Campbell off to Boston

DEREK VAN DIEST -- Sun Media

, Last Updated: 9:32 AM ET

He was arguably the most popular player in franchise history.

But now goaltender Pat Campbell is moving on.

Yesterday Campbell, 30, was selected by Boston in the National Lacrosse League expansion draft.

"It's a tough day, learning that I'll be leaving Edmonton," Campbell said. "But I pretty much knew going into the draft that it was a possibility."

Boston took Campbell with their second pick yesterday. The expansion team, which has yet to announce a nickname, took one player from each of the 13 franchises.

Campbell, who was originally taken by the Rush in the fourth round of the 2005 NLL expansion draft from the Rochester Knighthawks, was not protected by the Rush heading into this year's draft.

The Niagara Falls, Ont., native quickly became a fan favourite here, not only for his goaltending, but for his personality.

"We expected we might lose Pat, but we are still very disappointed to see him go," Rush president Duane Vinenneau said in a release. "Pat was a dynamic character and a perfect face for a new team in a city like Edmonton. I'm sure the fans in Boston will feel the same way about him there."

Campbell made 54 saves in the Rush's first franchise win and was voted team MVP in their inaugural season, despite a 1-15 record.

"From my perspective, Pat really helped establish the Rush in the community - not only as the team MVP, but for the way he loved meeting and talking with the fans," said Rush head coach and GM Paul Day. "It's also hard to see him go because he's a good friend of mine."

A graduate of Brock University in St. Catharines, Ont., Campbell began his career with the now-defunct Ontario Raiders. He went on to play with the Toronto Rock, but didn't become a starter until joining the Columbus Landsharks. Campbell played four seasons with Rochester.

"It's very hard to leave Edmonton," Campbell said. "I think last year watching the team play so well without me was initially the hardest thing I ever went through. But leaving a team that I like to think I helped build ... and leaving the dreams we all shared as players, and knowing they are going to be fulfilled without me. is really difficult.

"But being selfish a little bit, I think I would have a difficult time sitting back and watching like I did last year."

Last season Campbell struggled early and was eventually replaced as the starter by Curtis Palidwor, whom the Rush acquired in a trade four games into the season.

Still, Campbell backstopped the Rush to their first franchise home victory, making 39 saves in a 13-12 win over the Philadelphia Wings.

However, that was one of the lone bright spots in what proved to be a tough year for Campbell both on and off the floor.

He was diagnosed with Crohn's disease towards the end of the season.

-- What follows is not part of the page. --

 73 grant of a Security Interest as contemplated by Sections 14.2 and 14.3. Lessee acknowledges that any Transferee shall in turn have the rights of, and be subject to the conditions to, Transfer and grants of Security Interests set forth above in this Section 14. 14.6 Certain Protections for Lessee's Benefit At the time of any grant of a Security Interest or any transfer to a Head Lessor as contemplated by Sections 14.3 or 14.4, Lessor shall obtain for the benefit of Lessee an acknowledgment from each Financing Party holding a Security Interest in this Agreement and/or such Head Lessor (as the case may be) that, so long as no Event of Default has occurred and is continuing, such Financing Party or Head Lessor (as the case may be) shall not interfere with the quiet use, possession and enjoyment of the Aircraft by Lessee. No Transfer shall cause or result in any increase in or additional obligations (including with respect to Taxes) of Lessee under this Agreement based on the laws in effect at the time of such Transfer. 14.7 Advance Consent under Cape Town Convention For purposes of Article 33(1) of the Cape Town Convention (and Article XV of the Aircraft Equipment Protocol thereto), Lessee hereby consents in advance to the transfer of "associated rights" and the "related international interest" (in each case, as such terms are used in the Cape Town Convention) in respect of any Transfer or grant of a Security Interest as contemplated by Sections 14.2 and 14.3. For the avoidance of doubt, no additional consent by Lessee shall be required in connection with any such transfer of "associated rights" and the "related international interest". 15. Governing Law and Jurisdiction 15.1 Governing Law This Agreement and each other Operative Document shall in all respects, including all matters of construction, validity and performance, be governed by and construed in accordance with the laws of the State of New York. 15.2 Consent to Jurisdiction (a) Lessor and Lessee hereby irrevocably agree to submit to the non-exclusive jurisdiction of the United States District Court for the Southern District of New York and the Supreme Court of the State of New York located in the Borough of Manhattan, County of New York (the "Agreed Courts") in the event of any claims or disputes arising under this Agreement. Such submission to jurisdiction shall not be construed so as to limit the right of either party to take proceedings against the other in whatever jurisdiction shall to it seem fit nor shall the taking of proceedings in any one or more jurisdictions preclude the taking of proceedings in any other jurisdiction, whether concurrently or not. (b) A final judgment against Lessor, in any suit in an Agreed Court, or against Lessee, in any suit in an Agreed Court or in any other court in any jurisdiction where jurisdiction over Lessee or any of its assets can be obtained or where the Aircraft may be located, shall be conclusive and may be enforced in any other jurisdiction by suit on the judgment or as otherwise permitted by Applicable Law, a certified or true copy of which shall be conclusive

"It floored me last season," he said. "I don't want to make excuses, but it wasn't diagnosed until later on in the season and certainly I did have a lot of problems during training camp. I was in the hospital once over training camp and I thought it was just exhaustion and dehydration and the pressure of it all.

"In the end, finding out I was sick was a bit of a relief, finding out that I hadn't completely lost it."

Campbell has since been able to control the disease by maintaining a healthy diet and good sleep patterns - something he had trouble doing commuting to Edmonton to play last season.

"Being in the East sort of buys me a couple of extra years in the league, to be honest," Campbell said.